▶ [Material for this exercise]
★ ★ ★ ★

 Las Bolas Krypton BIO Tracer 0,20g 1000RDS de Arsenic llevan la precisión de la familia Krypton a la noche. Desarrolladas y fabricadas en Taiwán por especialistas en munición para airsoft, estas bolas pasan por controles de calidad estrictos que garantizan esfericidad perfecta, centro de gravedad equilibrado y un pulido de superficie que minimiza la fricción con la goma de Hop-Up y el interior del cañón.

★ ★ ★ ★

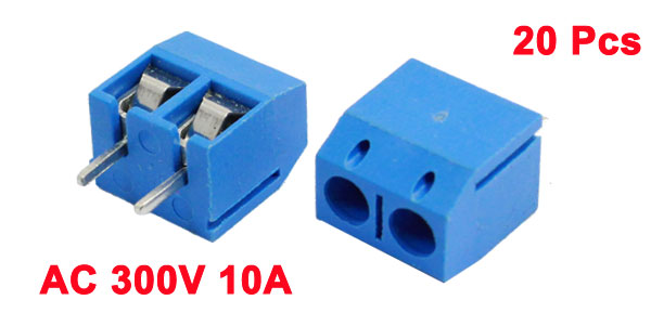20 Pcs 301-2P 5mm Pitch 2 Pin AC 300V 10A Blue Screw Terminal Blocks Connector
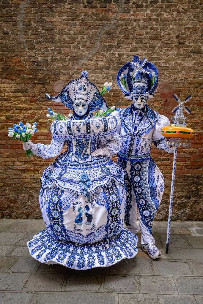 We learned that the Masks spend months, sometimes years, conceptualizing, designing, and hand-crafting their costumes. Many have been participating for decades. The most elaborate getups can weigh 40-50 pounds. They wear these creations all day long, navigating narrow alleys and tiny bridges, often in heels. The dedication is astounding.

★ ★ ★ ★

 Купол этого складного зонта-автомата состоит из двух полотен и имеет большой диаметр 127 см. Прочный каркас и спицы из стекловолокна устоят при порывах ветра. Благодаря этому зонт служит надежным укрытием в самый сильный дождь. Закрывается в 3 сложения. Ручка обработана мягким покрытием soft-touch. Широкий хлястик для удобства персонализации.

★ ★ ★ ★

▶ [Exercise details] In the entries above, which lines run from the one with "20 Pcs 301-2P" up to and including the one with "We learned that"? Write them out exactly, without the pictures.

▶ [Worked solution]
20 Pcs 301-2P 5mm Pitch 2 Pin AC 300V 10A Blue Screw Terminal Blocks Connector
 We learned that the Masks spend months, sometimes years, conceptualizing, designing, and hand-crafting their costumes. Many have been participating for decades. The most elaborate getups can weigh 40-50 pounds. They wear these creations all day long, navigating narrow alleys and tiny bridges, often in heels. The dedication is astounding.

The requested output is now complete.